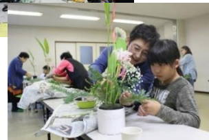
子どもたちが生け花に触れ、親しむことのできる教室を開催
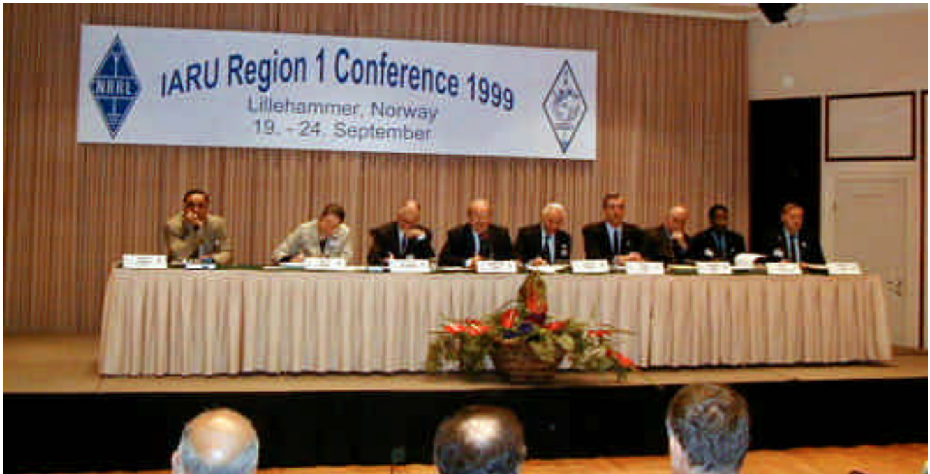
Fráfarandi stjórn IARU Region 1.

stuttlega minnst á S25 og M-XXX, sem ber á góma í sumum viðtölunum. S25 er sú grein alþjóðaradíóreglugerðar ITU, sem fjallar um amatörradíóþjónustuna ( http://www.itu.int/radioclub/rr/arts25.htm ) og S25.5 er sú grein, sem fjallar um mors sem kröfu fyrir tíðnum undir 30 MHz. Til að gera langt mál stutt um hvernig fjallað var um
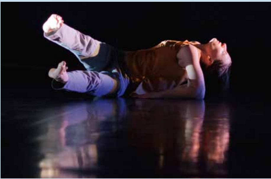
Sabine Glenz Double Bill

○ ○ ○

◆ Your assignment: Nothing but the lines from the line containing "stuttlega minnst á" through the end of the data, both ends included, is to be reproduced, exactly as written and without the pictures.

◆ Task output:
stuttlega minnst á S25 og M-XXX, sem ber á góma í sumum viðtölunum. S25 er sú grein alþjóðaradíóreglugerðar ITU, sem fjallar um amatörradíóþjónustuna ( http://www.itu.int/radioclub/rr/arts25.htm ) og S25.5 er sú grein, sem fjallar um mors sem kröfu fyrir tíðnum undir 30 MHz. Til að gera langt mál stutt um hvernig fjallað var um
Sabine Glenz Double Bill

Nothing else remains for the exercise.